I'm temporarily turning off a few neat features to reduce server load, such as "who's online" and a few other things. I might shut off private messaging as well.  These should all be turned back on when the old message boards are switched over to "read only."


----------



## graydoom (Jan 18, 2002)

Doh! I don't mind the private messaging, but I've found the Who's Online to be one of the main reasons I like these boards better.
Oh well. I'll somehow manage to survive . Just please try to re-enable it as soon as it is feasible.


----------



## Piratecat (Jan 18, 2002)

Absolutely. It will probably only be off for a week or less.


----------



## Morrus (Jan 18, 2002)

I imagine that the first week is going to be a nightmare - with slow boards, frequent crashes etc.  Thousands of people registering and trying out all the nifty, yet server-intensive features tend to have that effect.

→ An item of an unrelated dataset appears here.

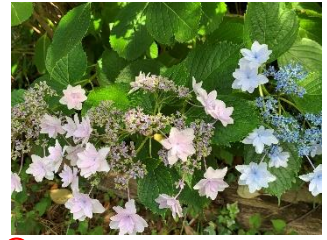
④ Hydrangea macrophylla f. normalis 'Sumida-no-hanabi' Hydrangea macrophylla (Lacecap Hydrangea) looks like big fireworks. "Hanabi" means fireworks in Japanese.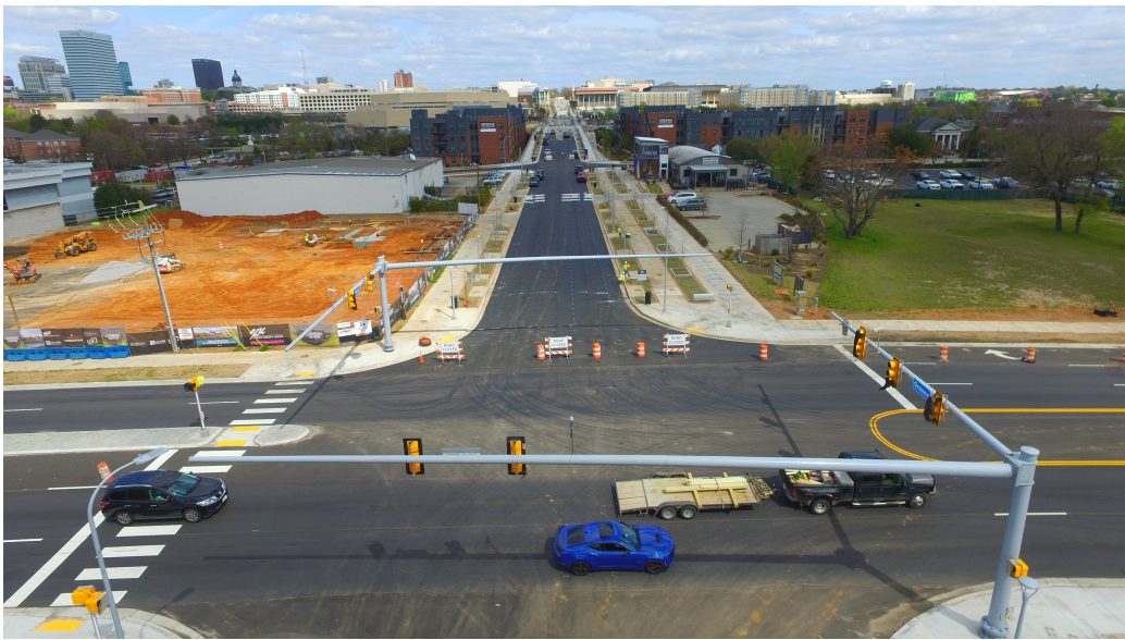
INNOVISTA - GREENE ST. PHASE 2

It'll all calm down once registration slows down to normal daily levels and everyone's bored of lokoing at all the cool new stuff.


----------



## Duncan Haldane (Jan 19, 2002)

Morrus said:
			
		

> *I imagine that the first week is going to be a nightmare - with slow boards, frequent crashes etc.  Thousands of people registering and trying out all the nifty, yet server-intensive features tend to have that effect.
> 
> It'll all calm down once registration slows down to normal daily levels and everyone's bored of lokoing at all the cool new stuff.  *




Hey,

just so you guys know, these boards are responding MUCH faster for me right now (maybe it's quiet time in US land atm or something).

Sometimes on the old boards I'd have to hit refresh 3 or more times to get rid of "maximum timeouts".

I'm using a 56k modem in DownUnder land, so that may have something to do with my problems on the old boards.

thanks!


----------



## Morrus (Jan 19, 2002)

They're alternating between incredibly fast and horribly slow.  I've closed the old boards temporarily, and rebooted the server.  That'll help.


----------